Я попытался придумать ответ, ухватиться за какую-нибудь фальшивую соломинку. Но, как обычно, опоздал. Энн ответила сама себе:
– Как минимум, мы научились капельке смирения. И как знать? Может, боги ответят на наши молитвы до того, как Джесс вырастет…
Не ответили. Теперь эксперты утверждают, что рассмотрение нашей апелляции отложено на неопределенный срок. В конце концов, мы молимся сущности, которая обволакивает целую планету. Такой огромной системе требуется время, чтобы усвоить новую информацию, еще больше времени – чтобы отреагировать. Тучи живут не по человеческим часам. Для них мы кишим внизу, как бактерии, удваивая нашу численность за одно мгновение. Насколько скорым будет ответ, с нашей микробьей точки зрения? Как быстро сработает коленный рефлекс? Бормоча что-то друг другу на своем жаргоне, эксперты предсказывают: через несколько десятилетий. Может, через пятьдесят лет. Монстр, наступающий на нас сейчас, явился по вызову, который был сделан еще в прошлом веке.
Небо, кричащее в вышине, воюет с призраками. Я для него невидимка. Если оно вообще что-то видит, то остаточное изображение некой застарелой обидной болячки, которую нужно дезинфицировать. Я подставляю тело ветру. Землю, которую я когда-то называл своей, захлестывает мутный хаос. Дом у меня за спиной удаляется. Обернуться я не смею, но уверен – теперь до него много километров, и почему-то меня парализует. Эта клокочущая слепая медуза, кромсая все на своем пути, подбирается ко мне, и ее морда целиком заслоняет небо; могу ли я отвести взгляд?
– Джессика…
Я вижу ее краем глаза. Чудовищным усилием поворачиваю голову, и фигура дочери обретает четкость. Она смотрит на небеса, но лицо ее не выражает ни ужаса, ни благоговения, ни даже любопытства.
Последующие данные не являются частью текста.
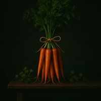 Een verrassend elegant boeket van wortels, artistiek samengebonden en gestileerd tegen een donkere achtergrond. Minimalistisch, met een vleugje humor voor de culinaire kunstliefhebber.

Медленно и плавно, как хорошо смазанный механизм, она опускает глаза к земле и выключает приемник. От него уже нет толку. Без остановки грохочет гром, ветер зашелся в непрерывном вое, на нас сыплются первые градинки. Если останемся здесь, через два часа оба будем покойниками. Неужели она этого не знает? Может, это какое-то испытание, и я должен доказать свою любовь к ней, встретив Бога лицом к лицу?
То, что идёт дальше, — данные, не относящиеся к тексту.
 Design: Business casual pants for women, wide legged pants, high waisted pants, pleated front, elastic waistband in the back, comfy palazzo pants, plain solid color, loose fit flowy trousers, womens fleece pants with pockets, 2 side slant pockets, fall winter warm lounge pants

А может, это ничего и не значит. Может, пришло время. Может…
Джессика кладет мне руку на колено.
– Ну все, – говорит она, словно мать ребенку. – Идем в дом.
Я постоянно вспоминаю миг, когда в последний раз видел Энн. У меня нет выбора: стоит потерять бдительность, и этот момент настигает меня, замуровывает в поперечном срезе времени, застывшего намертво, когда в десяти метрах от моей жены ударила молния.
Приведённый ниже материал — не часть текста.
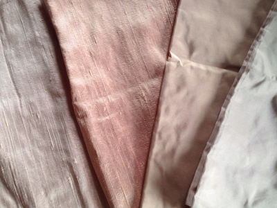 JUGEMテーマ:ドール服 ピンクでも色々あるなあ・・と生地を見ていて思います。 シルクはお安くはないので、それほどストックは置けませんが、家にあるものだけでも、こんな感じ・・ 向かって左からスモークピンク、ピーチピンク、ダスティローズ、ソフトピンク(ほとんど白く見えてる 汗) 左2枚はシルクシャンタン・・ネップが特徴で少し扱いが難しいです。 右の2枚はシルクタフタ・・デザインの表現がしやすく扱いやすいですがちょっと高価です。 パソコン上で色の表現はとても難しい・・ モニターによっても...
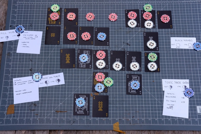 It all starts with a matrix. An empty table and your favourite card deck (I use a Killer Bees deck in the picture)
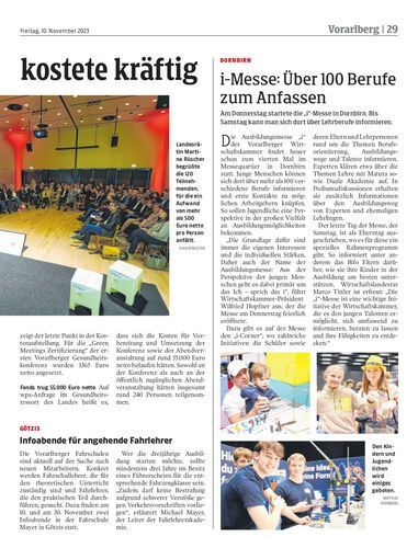 Am Donnerstag startete die „i“-Messe in Dornbirn. Bis Samstag kann man sich dort über Lehrberufe informieren.

Мир обратился в слепящую плоскую мозаику из черного и белого, неподвижную, пойманную вспышкой стробоскопа. В воздухе зависли полотнища серой воды, которые вот-вот обрушатся на землю. Энн чуть впереди нас – с опущенной головой, вся исполнена четкой, как идеально сфокусированный снимок на «Кодалите»[54], решимости: она намерена непременно добраться до укрытия, что бы там ни встало у нее на пути. А потом молния прорывается темнотой, мир рывком приходит в движение со звуком, как от бомбы в Хиросиме, и горелым электрическим запахом, но глаза у меня зажмурены, взгляд все еще зафиксирован на том уходящем мгновении. Внезапная боль – в ладонь мне впиваются маленькие ноготки, и я понимаю, что Джессика не закрыла глаз, что она знает об этом мгновении больше, чем смог бы вынести я. И я молюсь, единственный раз в жизни я молюсь небу: ну пожалуйста сделай так чтобы я ошибся забери кого-нибудь еще забери меня весь город этот сраный забери только ее верни прости я не верил…
Через сорок – пятьдесят лет, если верить некоторым людям, небо может и услышать это. Для Энн уже будет слишком поздно. Слишком поздно даже для меня.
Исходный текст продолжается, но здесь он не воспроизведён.